Source data>

BEGIN

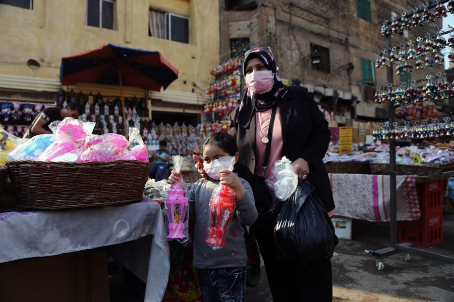 People are seen at a lantern bazaar in Cairo, Egypt on April 12, 2020. (Xinhua/Ahmed Gomaa)
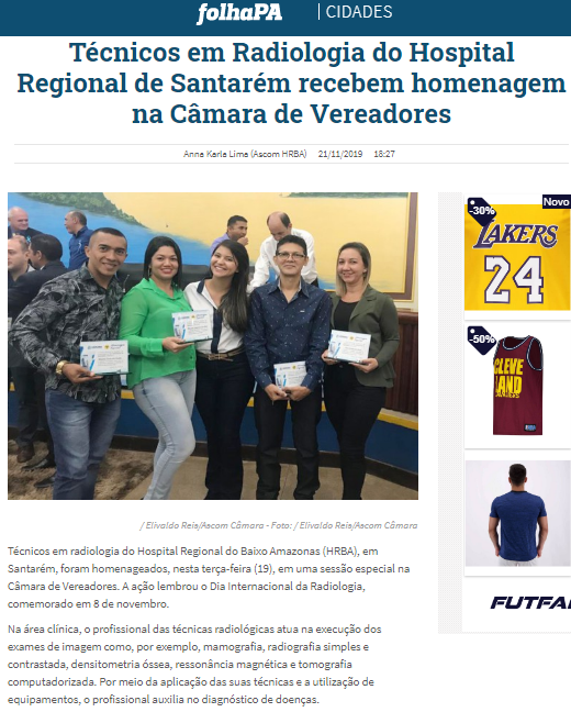 Folha PA – Técnicos em Radiologia do Hospital Regional do Baixo Amazonas recebem homenagem na Câmara de Vereadores de Santarém
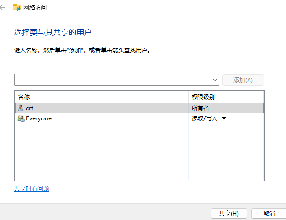2.高级共享-权限-添加-everyone-权限全部勾选
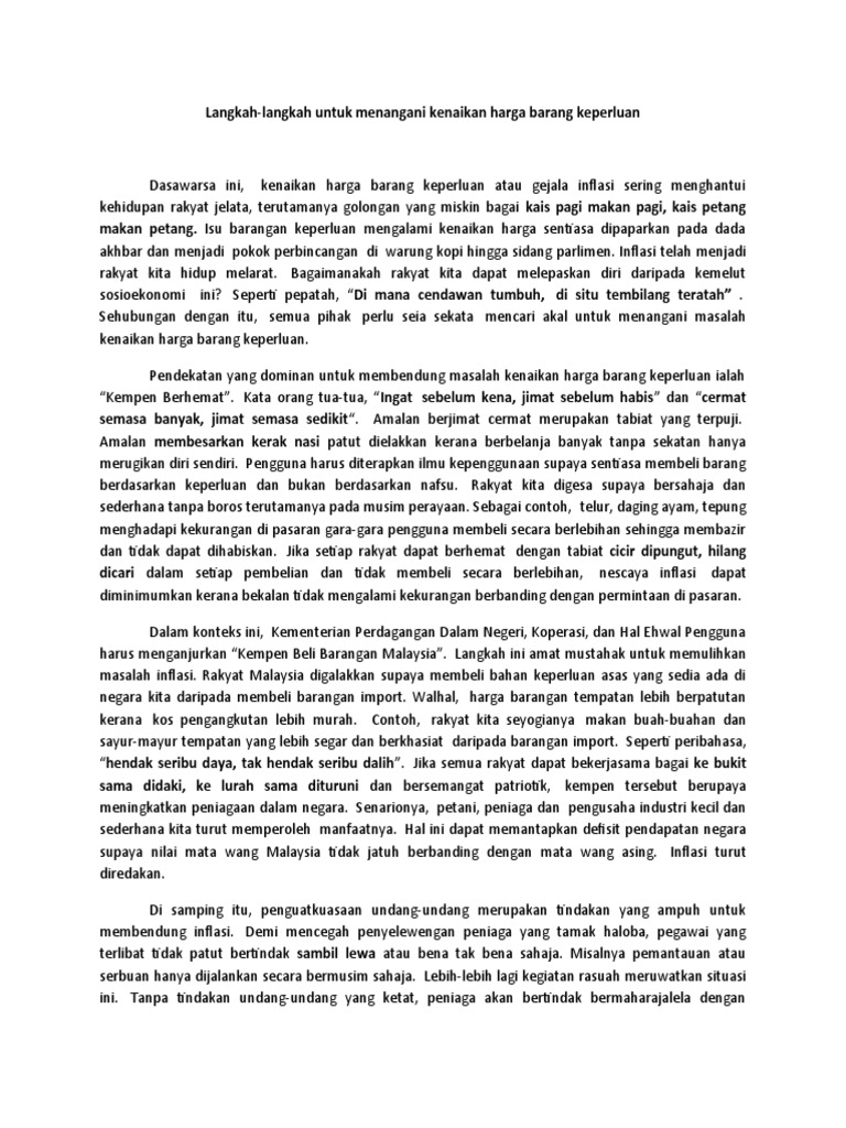 Karangan Pmr Langkah Mengatasi Kenaikan Harga Barangan

END

What you will do> Could you give all of the data again exactly as written, omitting any pictures?

Exercise output>
 People are seen at a lantern bazaar in Cairo, Egypt on April 12, 2020. (Xinhua/Ahmed Gomaa)
 Folha PA – Técnicos em Radiologia do Hospital Regional do Baixo Amazonas recebem homenagem na Câmara de Vereadores de Santarém
2.高级共享-权限-添加-everyone-权限全部勾选
 Karangan Pmr Langkah Mengatasi Kenaikan Harga Barangan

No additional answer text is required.